Filtering a Dataset¶
Filtering the data in a Workspace gives you an opportunity to refine the dataset before saving it.
See Filtering Workspace Data for information on using the query builder.
Filter Transformation Panel Illustration¶
This image shows the Filter Transformation panel when it first opens:
Define the Filter Tab Illustration¶
This image shows the Define the Filter tab on the Filter Dataset panel:
Columns to Carry Over Tab Illustration¶
This image shows the Columns to Carryover tab on the Filter Dataset panel:
How to Filter a Dataset¶
Follow these steps to define a workspace dataset filter:
- Navigate to the Manage Workspace page and start a cluster. When the cluster is up and running, the status changes to Running and the cluster button changes to Stop Cluster.
- Open an existing workspace or create a new one. The workspace opens.
- Click the + Add Transformation button. The Select a Transformation dialog box opens.
- Select Filter and click the Select button. A Filter Dataset panel opens.
- Click the Select button and select a dataset from the drop-down list. The dataset loads in the panel.

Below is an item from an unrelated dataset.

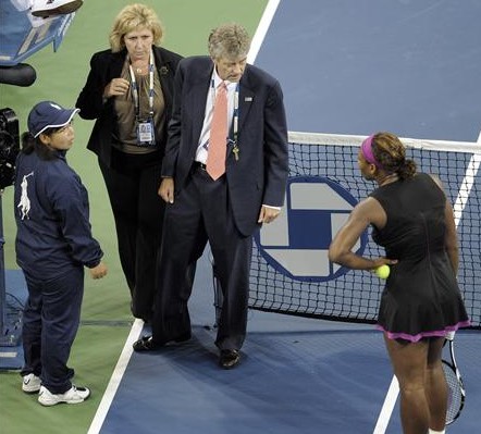 Serena Williams, cuando iba por detrás en el marcador de su duelo con Clijsters, tras perder el primer set y con 6-5 en el segundo, el servicio de su parte pero 15-30 para su rival, a dos puntos del triunfo, la juez de línea le señaló una falta de pie en su segundo saque, que suponía la doble falta y dos puntos de partido para la raqueta europea.

- Use the query builder on the Define the Filter tab to select the parameters for the dataset filter. See the Filtering Workspace Data topic for information on using the interface.
- Click the Columns to Carryover tab and select the columns to include in the filter. The columns will be ordered by their index in the list. Duplicate names will be adjusted to avoid conflicts.
- Click the Run button at the top of the Filter Dataset panel. A message appears that the transformation is running. When it has completed, the Run button changes to a Save as Dataset button.
- Click the Save as Dataset button to save the dataset with the filter. The name defaults to the dataset name but can be changed.